That is super important, because we could only guess that water will become a very important social topics for discussion in Spain, and now it's becoming a reality. So we are finding that some of our clients, in fact, are now turning to us because they had designed for data centers in other parts of Spain, in which water is a problem and they are turning to us and asking whether we can replace their designed by our design, so that it doesn't consume water and is accepted by the authorities in terms of licensing. So that is creating a very, very huge opportunity for us.
I believe the other big feature, which is important for us is that all of our DCs are powered primarily by renewable energy. So, the one in the back country by a ground installation and ones in Madrid and Barcelona via mix between photovoltaic panels of the buildings and roof-mounted panels in our logistic sheds close by.
Okay. That's great. Thank you very much, Ismael. Thank you.
So the next question comes from the line of [Peter Brom] (ph) from Kempen. Peter, the floor is yours.
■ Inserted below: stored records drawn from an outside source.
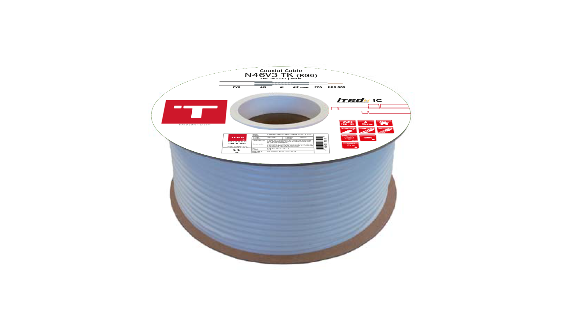 Cabo Coaxial RG6 com condutor central, cinta e malha em cobre, com performance que excede os requisitos da categoria TCD-C (5MHz~3GHz), destinado a redes de distribuição de Televisão por Cabo (CATV), TDT e Satélite (SMATV).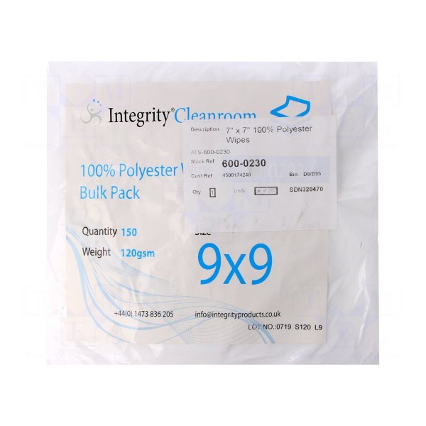 Czyściwo w formie suchych ściereczek wykonanych z poliestru przeznaczone jest do użytku w środowiskach o wysokich wymaganiach czystości, takich jak cleanroom klasy ISO 4. Każda ściereczka posiada gramaturę 120g/m² i wymiary 177,8x177,8mm. Opakowanie zawiera 200 sztuk produktu.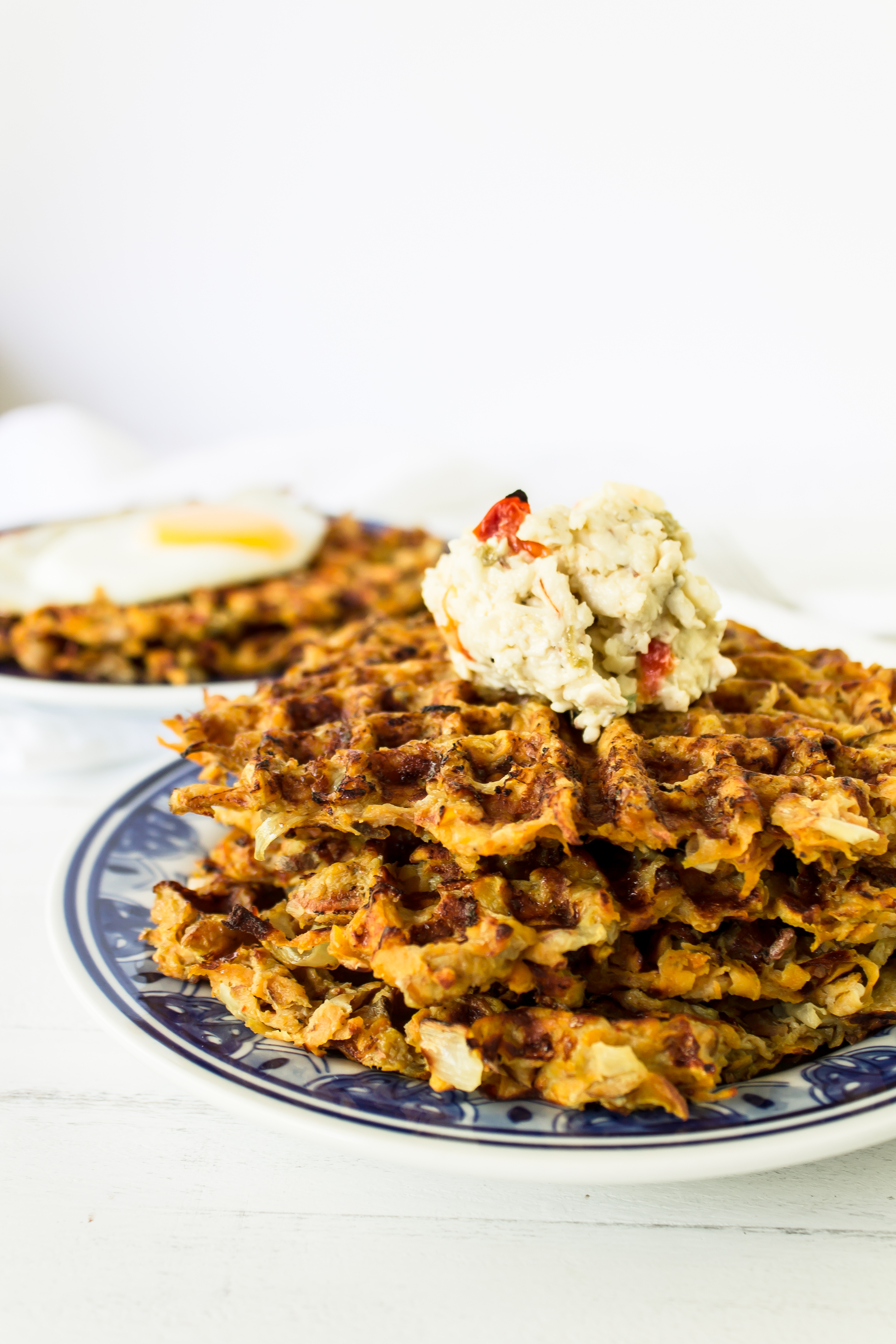 While the waffled sweet potato hash browns are delicious on their own, or when topped with a runny sunny-side up egg, the smoked gouda pimento cheese is really what steals the spotlight. We made a huge recipe and topped our biscuits, put it in our eggs, dipped veggies and crackers in it, and ate it with these waffled hash browns. It was absurdly delicious every time. Make a tub of it – you won’t regret it. Soooooo good. Also, aside from all of the grating (which can be sped along if you are lucky enough to have a grater attachment on your food processor), these recipes are both so so easy. If you can grate and mix, you can make waffled sweet potato hash browns and smoked Gouda pimento cheese. It really seems too simple, but sometimes those are the best kinds of recipes.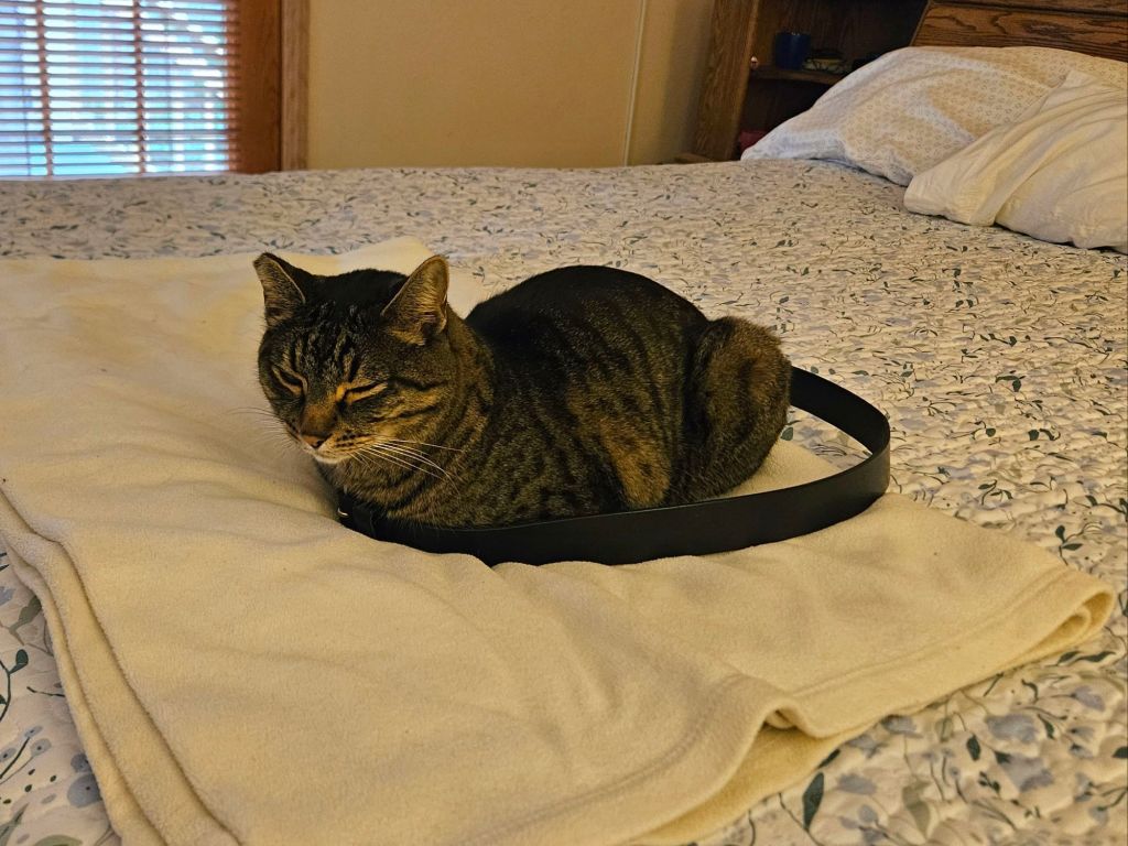 I know cats love to sit in things, but a belt is a new one on me, Susanne.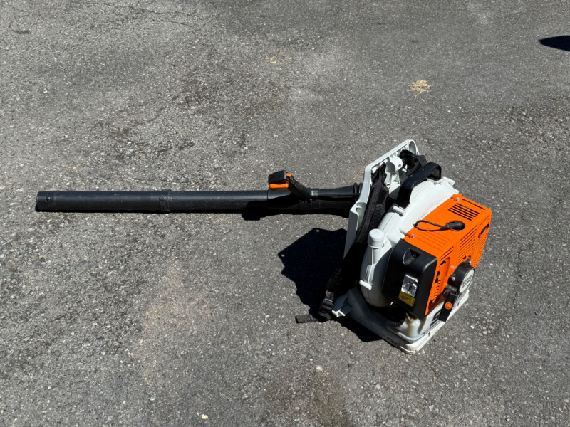 Make & Model: Manufacturer: Stihl Model: BR 380 Features & Components: Backpack-style design for ergonomic support and reduced operator fatigue High-powered gas engine for efficient leaf and debris clearing Durable plastic housing with integrated shoulder straps and padded backrest Throttle control handle with variable speed settings Air intake system designed for optimal airflow and cooling Fuel tank with secure cap and visible fill line Flexible blower tube with adjustable nozzle for directional control Condition: Appears to be in good used condition with typical signs of wear consistent with outdoor use No visible cracks or damage to housing or straps Functionality not fully tested due to-Lack of fuel Minor scuffs and surface residue from prior use All components present and securely attached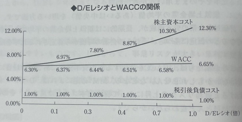 D/E ratio의 상승에 따라, 주주자본 Cost도 상승하고 있는 것에서, WACC은 거의 바뀌지 않는 것을 알 수 있다.
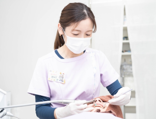 歯周病は自覚症状なく進行していく病気でもあるため、まずは歯周病の有無や進行状況を定期的にチェックすることがとても重要です。メインテナンスに来ていただき口腔内の状態を確認するとともに、歯磨き指導もしっかり行います。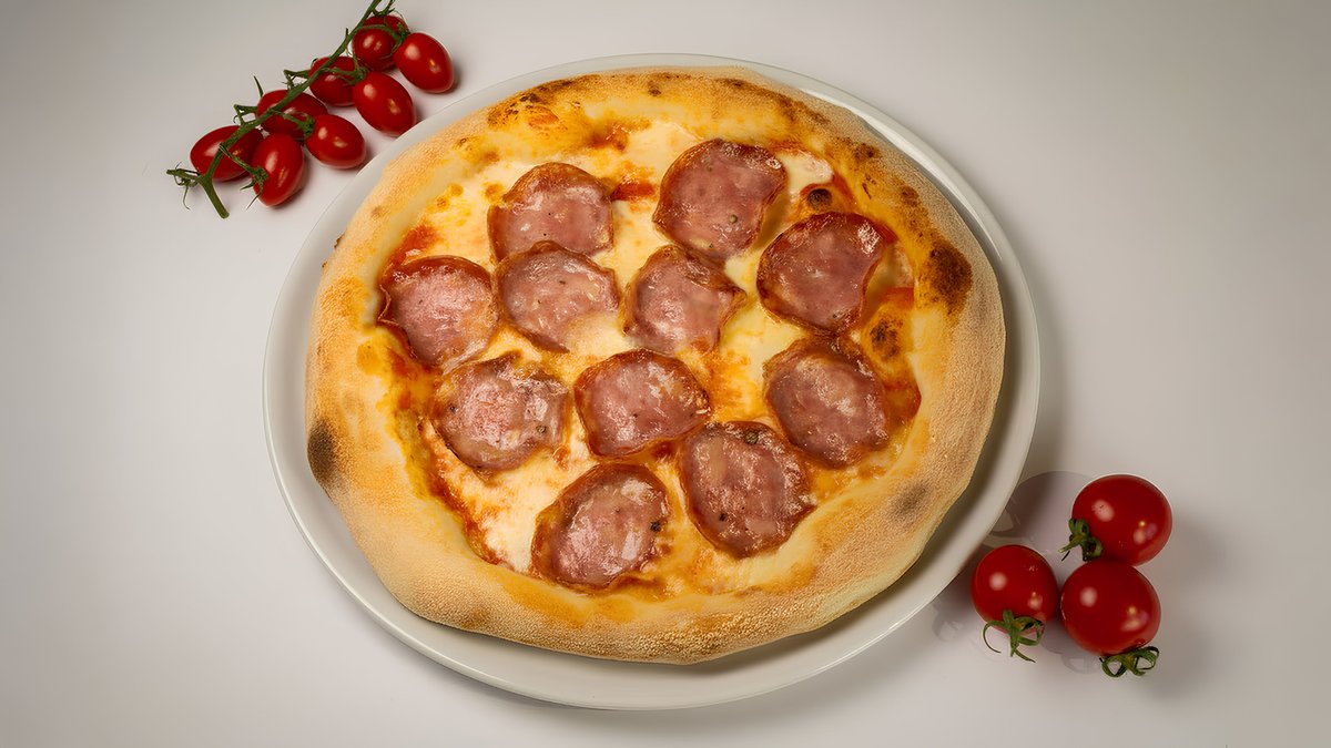 Sos roșii, mozarella, salam, prosciutto cotto, salam picant, guanciale, cârnați - 1250 g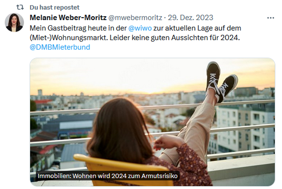 „Die Lage am Wohnungsmarkt ist angespannt – und wird sich 2024 weiter zuspitzen“, so unsere Bundesdirektorin Dr. Melanie Weber-Moritz in ihrem Gastbeitrag in der „Wirtschaftswoche“. Eine aktuelle Studie des Pestel-Institutes zeigt: Weil Wohnraum knapp ist, liegt die staatliche Leistung für Mieten bei Übernahme der Kosten fürs Wohnen häufig über der Durchschnittsmiete. „Damit treibt der Staat die Mieten in die Höhe“, fasst DMB-Präsident Lukas Siebenkotten im ARD „Morgenmagazin“ zusammen. Auch ländliche Räume sind betroffen.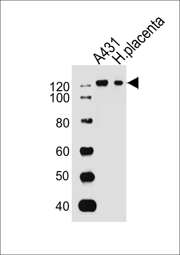 Western blot analysis of lysates from A431 cell line and human placenta tissue (from left to right), using ITA6 Antibody(Cat. APR17797G). APR17797G was diluted at 1:1000 at each lane. A goat anti-rabbit IgG H&L(HRP) at 1:10000 dilution was used as the secondary antibody. |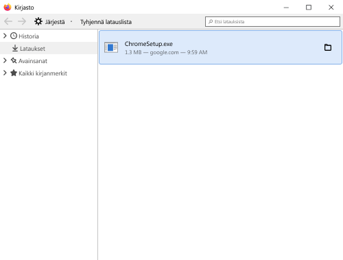 Avaa ChromeSetup.exe-tiedosto ikkunan oikeassa yläkulmassa olevasta latauslistasta.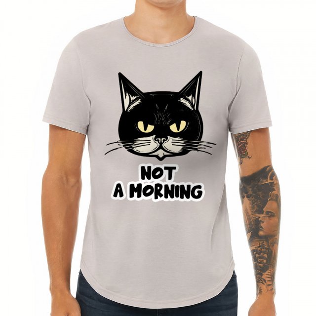 Not a Morning Curved Hem T-Shirt – Cat Face T-Shirt – Drawing Curved Hem Tee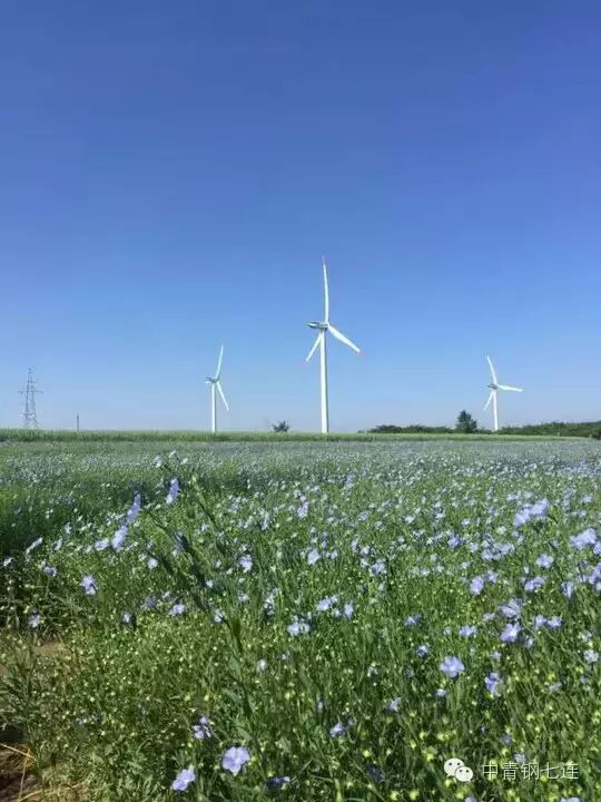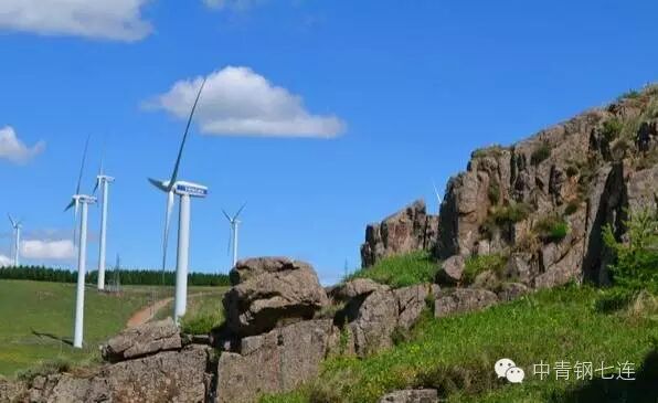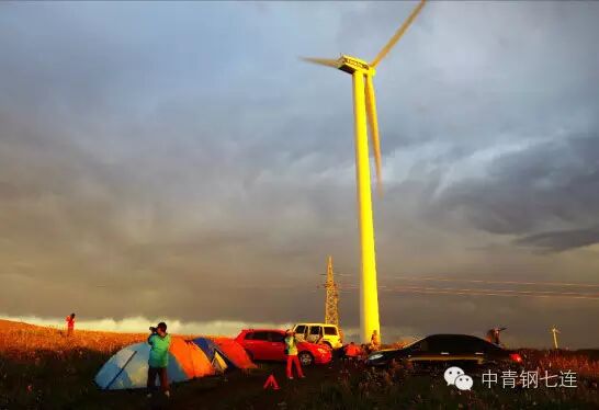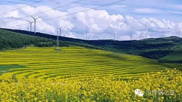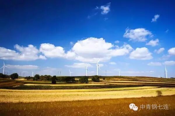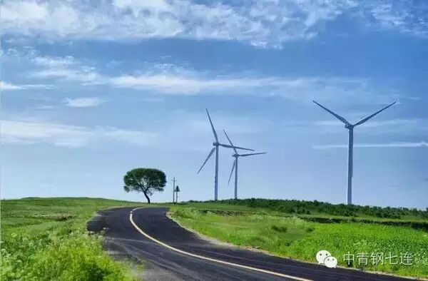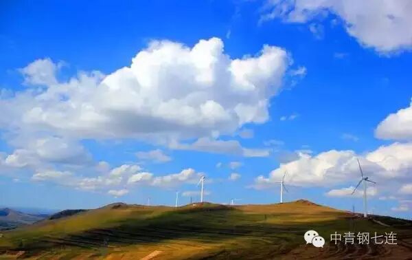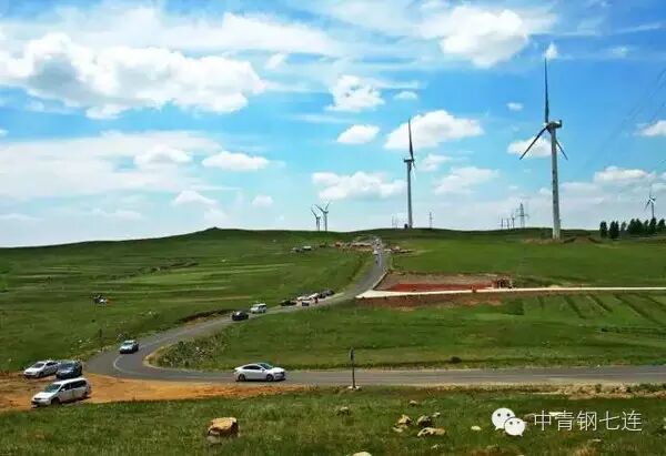 风力发电机,俗称风车,一座座高高耸立沿着天路蔓延开来,占满了人整个视线。白色的风车、蓝天白云,还有绿色草原相得益彰,构成天路最经典的风景之一。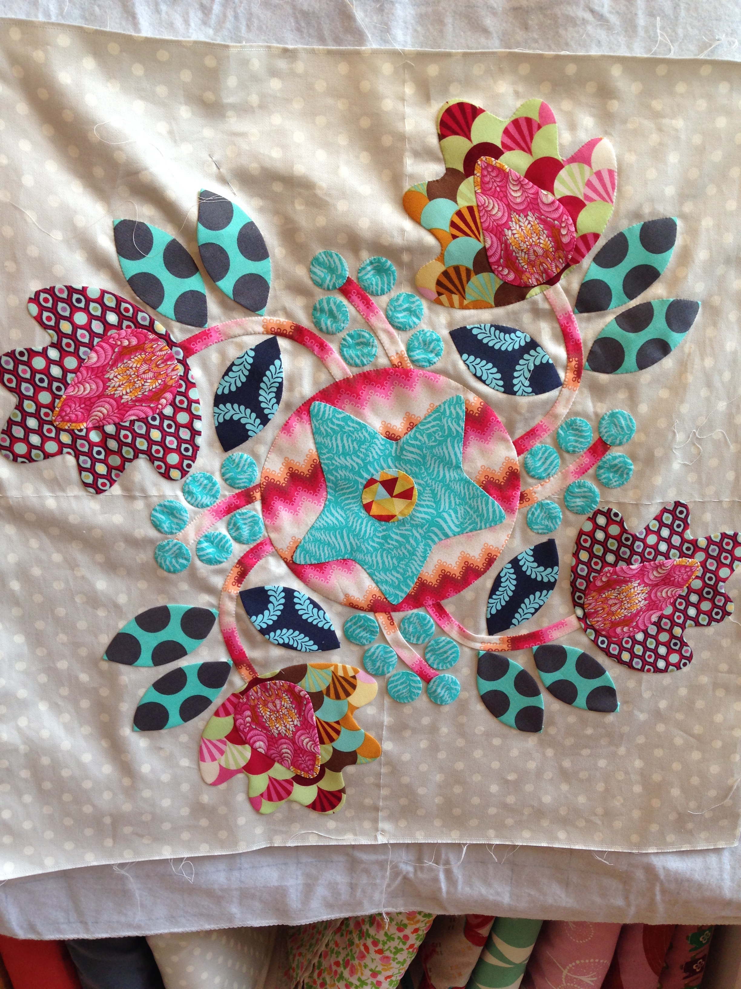 IMG_5248Sue’s fab fourth block.  Her work is SO GOOD.  (Did I tell you I taught her how to applique??)

Hi, team, thanks for taking my question. I got one question. If we look at the like-for-like rental growth of 7.7%, could you maybe give a split of how much of that is driven by indexation? And could you also give per segment, maybe a detail, how much of the like-for-like rental growth is driven by indexation?
Okay. Peter, I will take this question. So overall, it's about 63% of the 7.7% like-for-like that we released and by segment. So, if you take a look at offices about 60% of the 7.5%, so that is 4.5% comes from CPI. Logistics is actually 140% okay because as you know, occupancy is negative, so it's about 6% the increase that we've had from CPI. And in shopping centers, it's out of the 10.5% is 6.5%, so that makes for 62% of the whole thing coming from CPI.
Okay. That's very clear. Thanks a lot.
You're very welcome. So the next question comes from the line of Florent Laroche from ODDO. Florent, the line is yours.
Yes. Hello. So, thank you for the presentation. So maybe, yes, I would have maybe same question. The first one on the guidance and indexation. So what would be as indexation that we could expect all you have taken into account in the guidance for H2 2023? And so, why should we consider this guidance -- upgraded guidance as a right one and not a conservative guidance?
Maybe my second question on data centers. Could you please remind what would be the yield on cost for data centers that will deliver shortly? And what would be its market share? And so, as the answer, should we expect some value creation to be recorded in H2 with the delivery of this data centers?
And maybe a third question on shopping center. So, we can see that you have a very dynamic activity in shopping centers. And so what is the project today at MERLIN Properties with shopping centers? Thank you.
Okay. Regarding the second half, CPI, of course, we don't have a crystal ball, but we believe is going to be between 2% and 3%. Up to now we have been able to pass around 6.5% in the first half, but in the second half, we believe the nominal CPI should come down significantly. Although we remain hesitant because the base effect of the energy prices may soon, let's say, expire. So let's see what happens towards October, November, because that will be very important, but at least in August, September, we believe, like in July the inflation will remain relatively -- let's say, nominal inflation will remain relatively low, because core inflation is super high in Spain 6.7%, but regrettably, our contracts are not indexed to core, are indexed to nominal. Okay. So, expect lower indexation for the second half.
Regarding whether the forecast is conservative or not, I will give the word to Mr. Conservative, who is our Chief Financial Officer, Miguel Ollero.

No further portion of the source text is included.